» Given entries
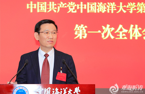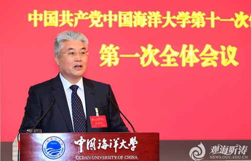 田辉代表中国共产党中国海洋大学第十届委员会向大会作报告
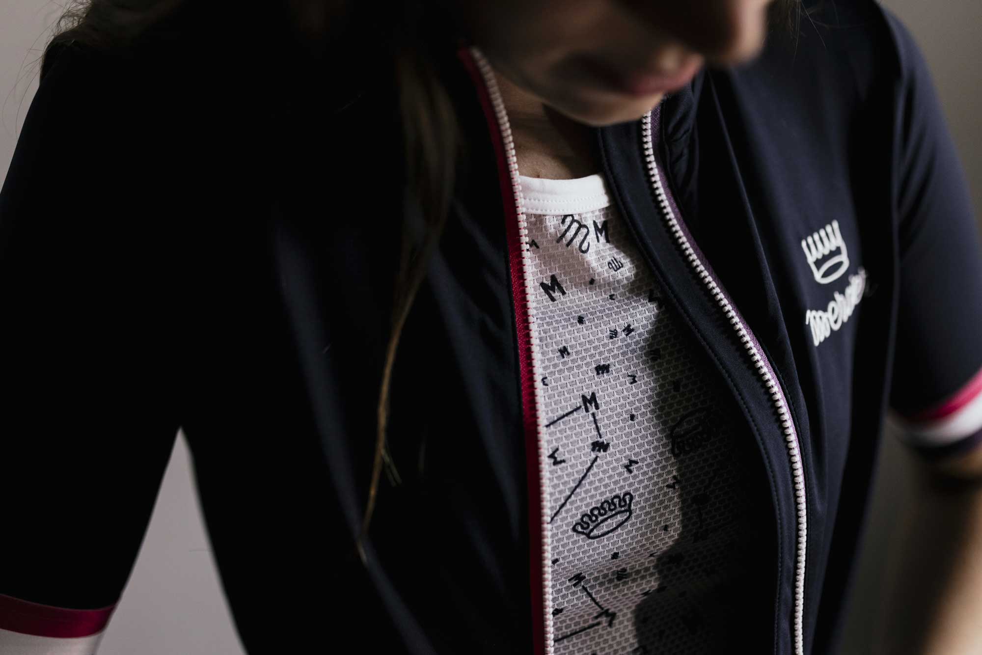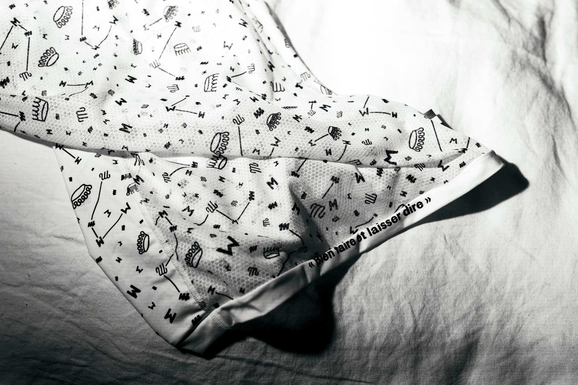 The visual identity of the Peloton base layer pays tribute to the brand’s heritage: the pattern brings together various logos that have appeared on Mercier bicycles over time. And to support you during your effort, the motto of Établissements Mercier is discreetly written inside: bien faire et laisser dire. Your turn, Ladies.
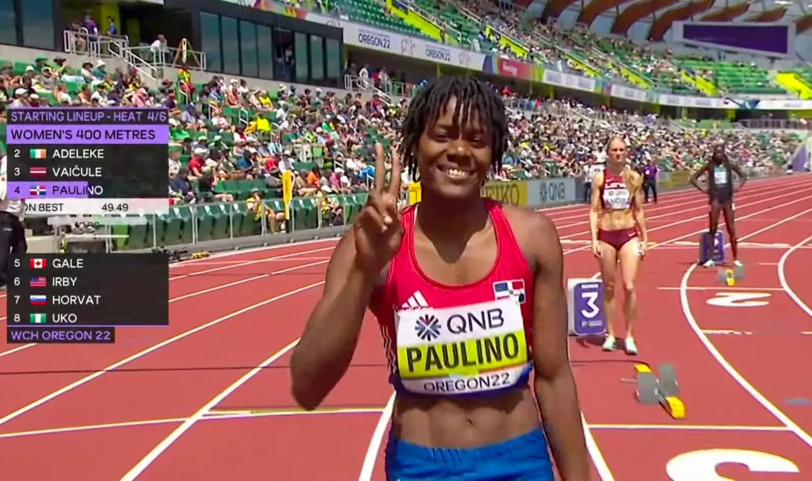CHILE.– Tras conquistar la medalla de oro, en los 200 metros y la del relevo mixto 4 × 400, además del bronce en el relevo 4 × 100, Marileidy Paulino ahora va por más y correrá el sábado a las 7:38 p.m. hora dominicana en el relevo femenino 4 x 400.
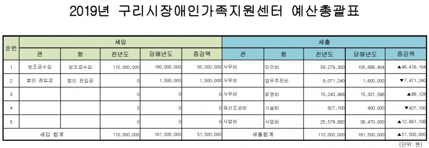 2019년 구리시장애인가족지원센터 예산총괄표 페이지 정보 작성자 관리자 댓글 0건 조회 9,366회 작성일 19-02-07 00:18 목록 본문 페이스북 공유 트위터 공유 구글+ 공유 이전글구리시장애인가족지원센터 2월 일정표 19.02.07 다음글설연휴 센터휴무 공지 19.02.01 댓글 0 댓글목록 등록된 댓글이 없습니다.
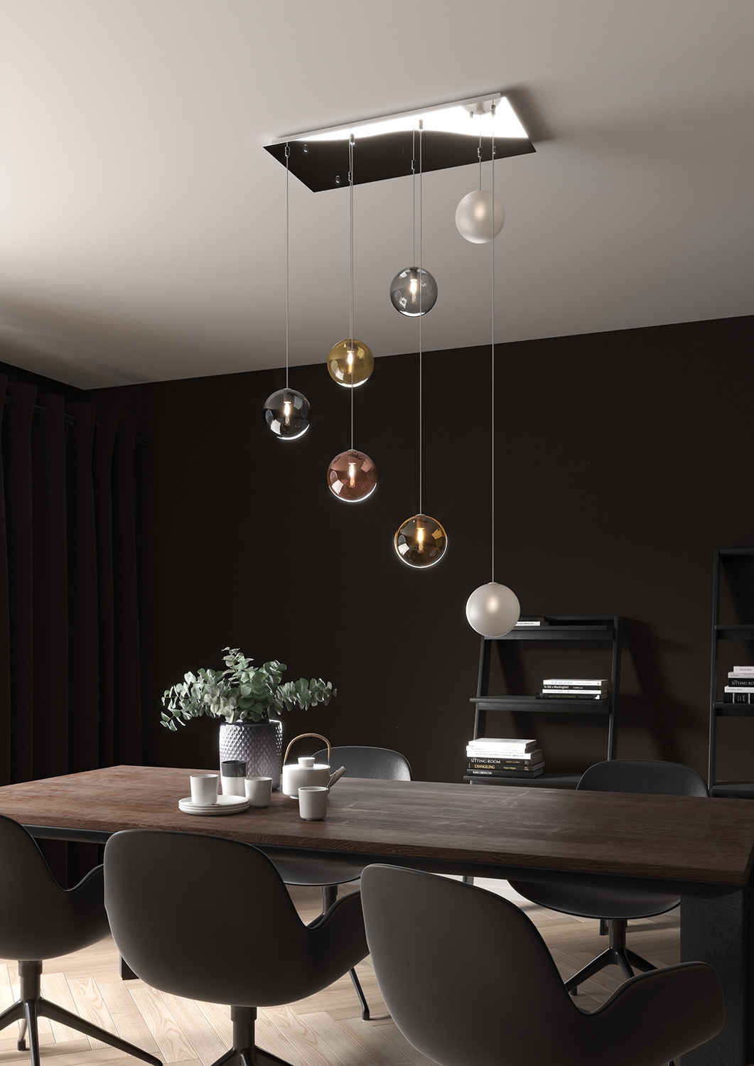 Collezione ECLIPSEIL BENVENUTO ALLA LUCESospensione 5 luci regolabile in altezza, composta da una struttura metallo cromo, un rosone rettangolare e sfere di vetro pi..
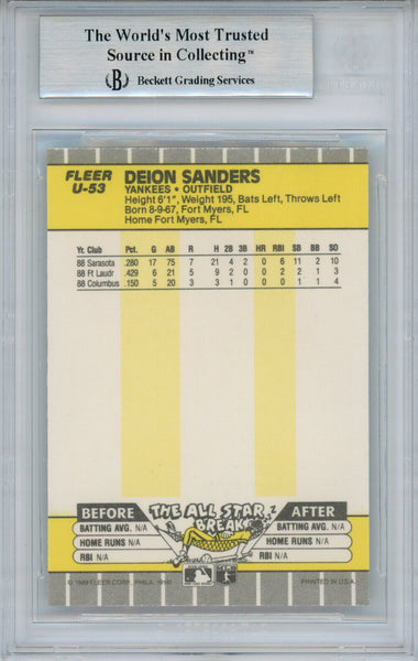 Deion Sanders Autographed/Signed 1989 Fleer Trading Card BAS Slab 32095 The number in the listing title is just an inventory sku for our records and is not the authentication number. This is a 1989 Fleer trading card that was personally autographed by Deion Sanders. This was professionally slabbed by Beckett Authentication Services (BAS) and includes a certificate of authenticity from Denver Autographs.
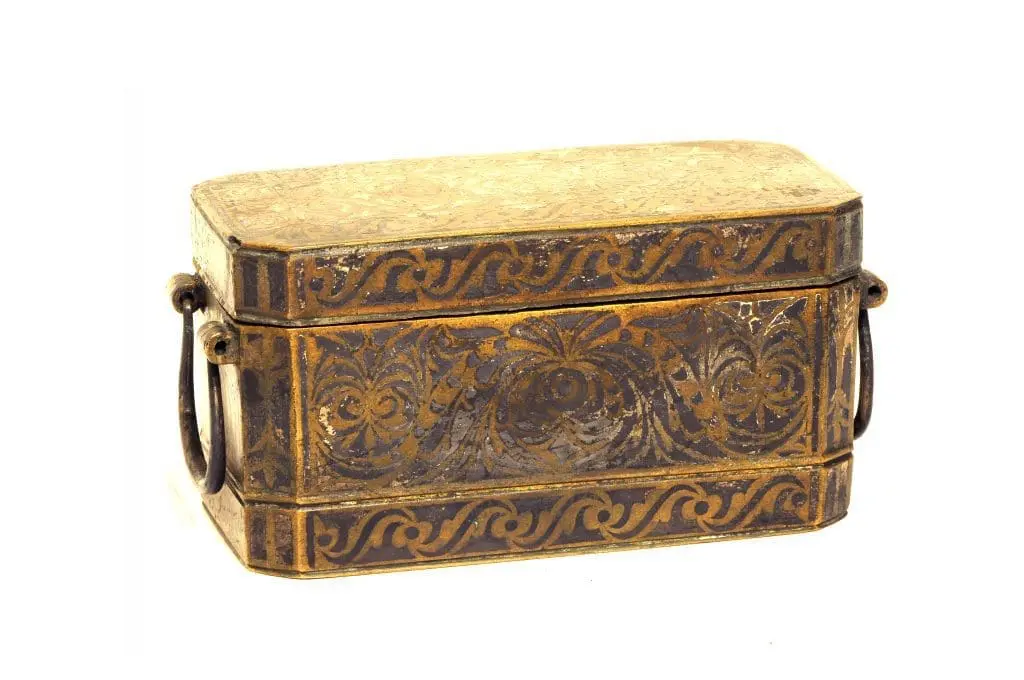 | Description | Silver and brass betel nut box with carved geometric designs, lidded partitions inside |
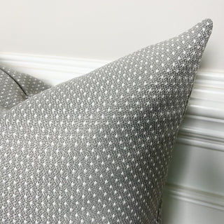 Our elegant Betty pillow cover features a beautiful white polka dot pattern on top of a sophisticated gray backdrop. This pattern is timeless and versatile and effortlessly complements any interior. This pillow measures 20x20 inches. We suggest pairing it with a 22x22 insert for a nice full look.
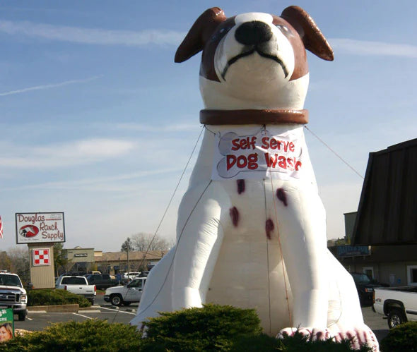 - Please be courteous to our neighbors, and scoop 'da poop. We offer plastic bags at no charge, and a dumpster is available across the drive from the shop. Please use them.
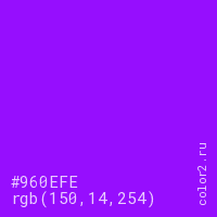 Цвет #960EFE в цветовой модели RGB обозначается тремя октетами (150, 14, 254) в десятичном формате и #960EFE в шестнадцатиричном (hex) формате, которые являются интенсивностью красного 150 (hex 96), интенсивность зелёного 14 (hex 0E) и интенсивность синего 254 (hex FE).
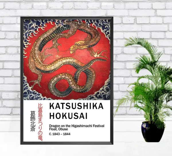 Vintage Japanese Print Hokusai Dragon On The Higashimachi Festival Float Obuse Ukiyoe Art Print Wall Art Poster Print S
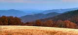 Picturesque autumn mountains with red beech forest in the Carpathian mountains. Landscape photography
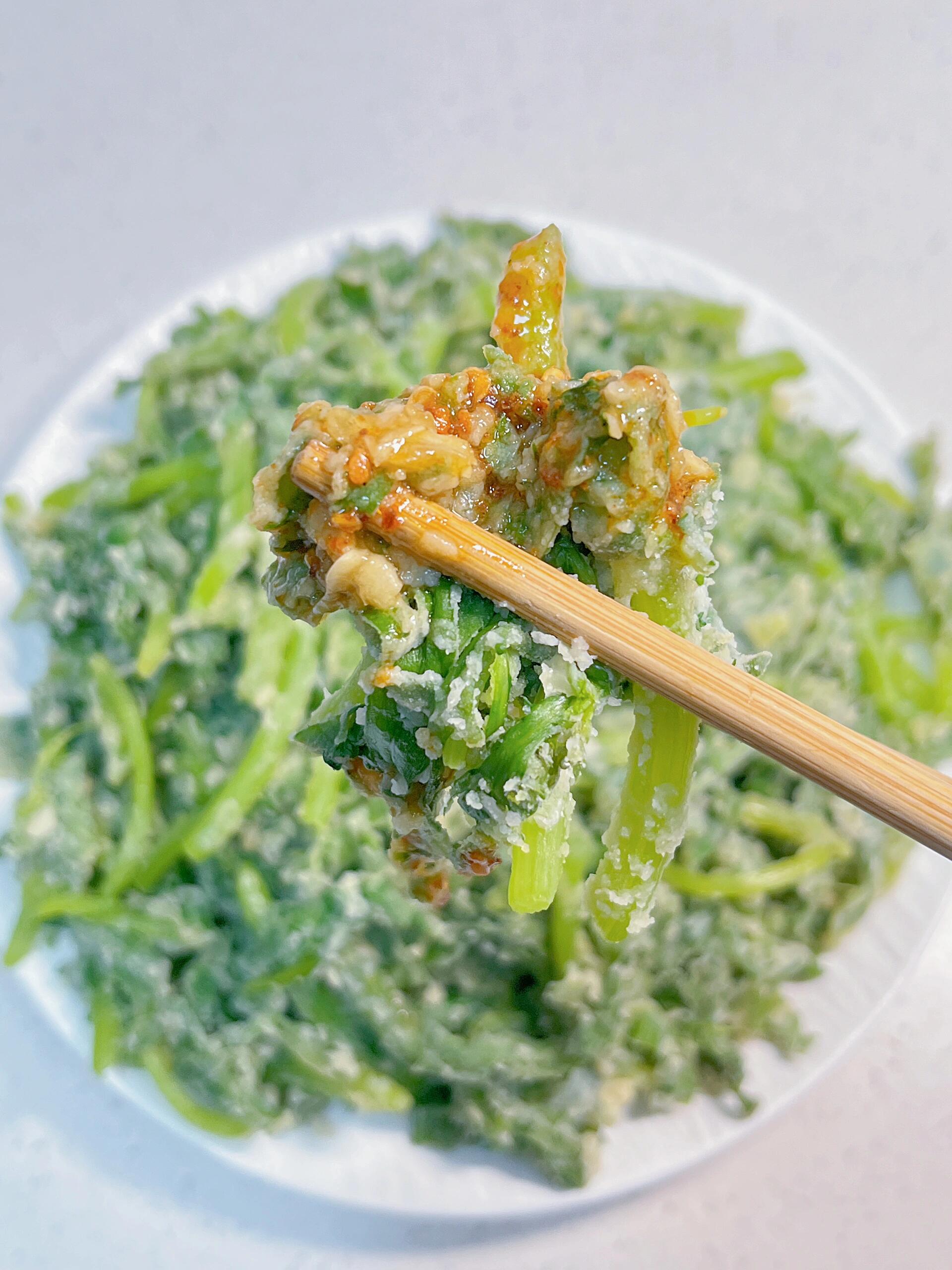 第一道必吃:蒸茼蒿。茼蒿素有“皇帝菜”的美誉,自带独特清香,是养肝理气的春日佳品。炒茼蒿极易出水软塌,营养和香气全流失,蒸着吃才是锁住精华的最佳做法。将茼蒿切寸段,先淋一勺食用油抓匀,给每片叶子裹上油膜,再撒面粉抖散;蒸锅水烧开后上锅,大火仅蒸3-4分钟,出锅立刻抖散晾凉。搭配蒜泥、生抽、香醋调的蘸汁,清鲜绵软、满口留香,养肝解腻一步到位。

» What you are asked to do
Look above for the line with "Our elegant Betty", then give again exactly every line from there through the line with "Picturesque autumn mountains", skipping the pictures.

» Answer box
 Our elegant Betty pillow cover features a beautiful white polka dot pattern on top of a sophisticated gray backdrop. This pattern is timeless and versatile and effortlessly complements any interior. This pillow measures 20x20 inches. We suggest pairing it with a 22x22 insert for a nice full look.
 - Please be courteous to our neighbors, and scoop 'da poop. We offer plastic bags at no charge, and a dumpster is available across the drive from the shop. Please use them.
 Цвет #960EFE в цветовой модели RGB обозначается тремя октетами (150, 14, 254) в десятичном формате и #960EFE в шестнадцатиричном (hex) формате, которые являются интенсивностью красного 150 (hex 96), интенсивность зелёного 14 (hex 0E) и интенсивность синего 254 (hex FE).
 Vintage Japanese Print Hokusai Dragon On The Higashimachi Festival Float Obuse Ukiyoe Art Print Wall Art Poster Print S
 Picturesque autumn mountains with red beech forest in the Carpathian mountains. Landscape photography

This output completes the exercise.